Opinion: As Obesity Crushes Our Communities, California Can’t Afford to Cut Care
Obesity is a structural and systemic health crisis that demands a public health response.

By Rhonda Smith | Special to California Black Media Partners
Obesity is a structural and systemic health crisis that demands a public health response.
Across California, nearly one-third of adults are living with obesity, according to data from UCLA. But behind this number lies a deeper truth: obesity is a disease, not a choice, and Black and Brown communities are bearing the brunt of its consequences.
The proposed budget cuts to Medicaid/Medi-Cal threaten to make things significantly worse.
Obesity is linked to a host of chronic diseases, including diabetes, heart disease, and stroke, all of which Black and Brown communities experience with worse outcomes and higher disease-related deaths. These health conditions drive nearly half the cost of chronic disease care in the U.S., draining both lives and livelihoods. And the burden is not shared evenly. In California, 36.8% of Black adults are living with obesity, which is significantly higher than the state average.
Under-resourced communities already face barriers to accessing quality healthcare nutritious food, safe places to be active, and culturally competent healthcare providers.
California has the highest total obesity-related medical costs in the United States, with annual medical care expenditures of adults with obesity nearly three times greater than for adults with normal weight, the greatest difference of any state.
Recent studies show that the obesity rate in California is projected to increase to 41% by 2030. Cutting access to effective, evidence-based treatments will exacerbate the disparities and costs — particularly for newer classes of medications, such as GLP-1 drugs.
These medications are proving to be effective not just at managing obesity, but at reducing downstream health conditions and costs. A recent workforce analysis from Aon found that individuals using GLP-1s saw a measurable reduction in healthcare spending, which could also result in potential gains in productivity and fewer workdays lost to illness.
However, this isn’t just about cost containment, it’s about transforming our healthcare system into one that provides quality, equity-centered care for everyone. The state’s proposed budget will cut GLP-1 coverage under Medi-Cal, effectively denying access to these treatments for low-income and vulnerable Californians. At a time when we should be expanding healthcare access, the pending budget cuts will harm many Californians and their ability to live long, healthy lives, and it sends the wrong message about who we are and what we value.

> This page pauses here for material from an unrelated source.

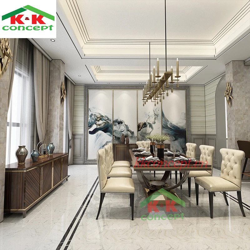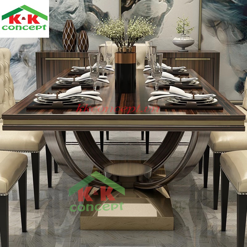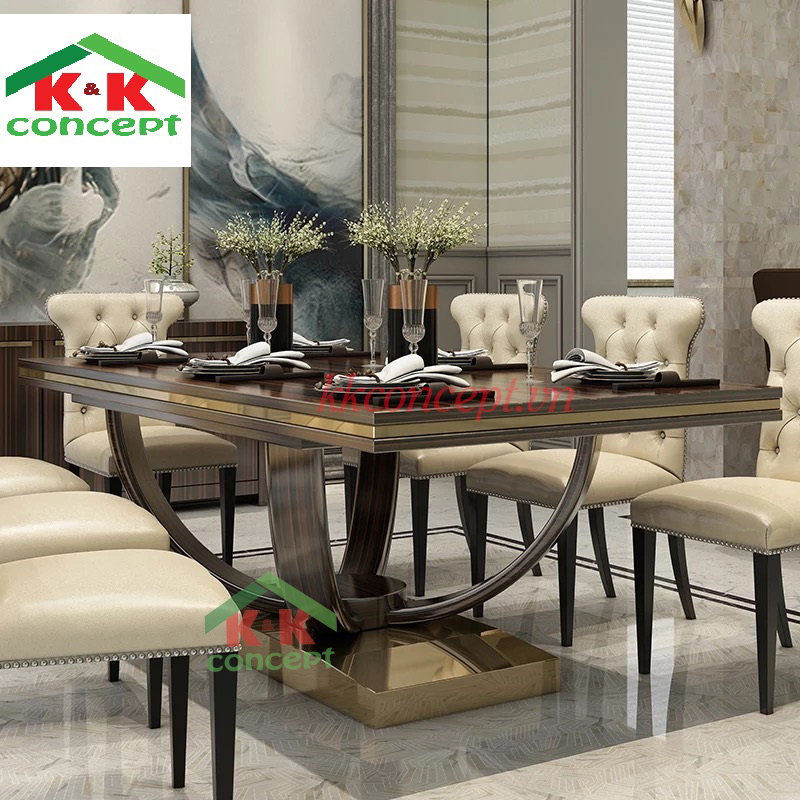 • Chất liệu: Bàn ăn khung inox, mặt gỗ sơn Piano

While Black Californians represent about 7% of the total Medi-Cal enrollees, 1,013,251of them — about 50% of the state’s total Black population — are enrolled in Medi-Cal. The budget cuts risk reinforcing the very inequities California has pledged to dismantle. And while it may promise short-term savings, the long-term costs — medical, economic, and human lives — will far overshadow them.
California has long positioned itself as a leader in public health and health equity and we cannot retreat from being that beacon now. Instead of cutting access to healthcare services and treatments like obesity medications, we should be investing in scalable, community-driven solutions that address the root causes of health disparities.

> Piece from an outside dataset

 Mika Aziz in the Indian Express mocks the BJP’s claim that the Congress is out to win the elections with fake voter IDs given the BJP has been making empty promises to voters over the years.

State lawmakers must protect Medi-Cal coverage and preempt the risk of escalating costs and poorer health outcomes and focus on disease prevention and progression. Effective obesity treatments can be a solution. Equity, prevention, and a long-term vision should guide our budget choices, not short-term savings that come at the cost of our most vulnerable communities.
At such a critical moment for Americans’ healthcare at both the federal and state levels, California elected officials need to do the right thing and support coverage for anti-obesity medication, and protect Medi-Cal.
About the Author
Rhonda Smith is the Executive Director of the California Black Health Network.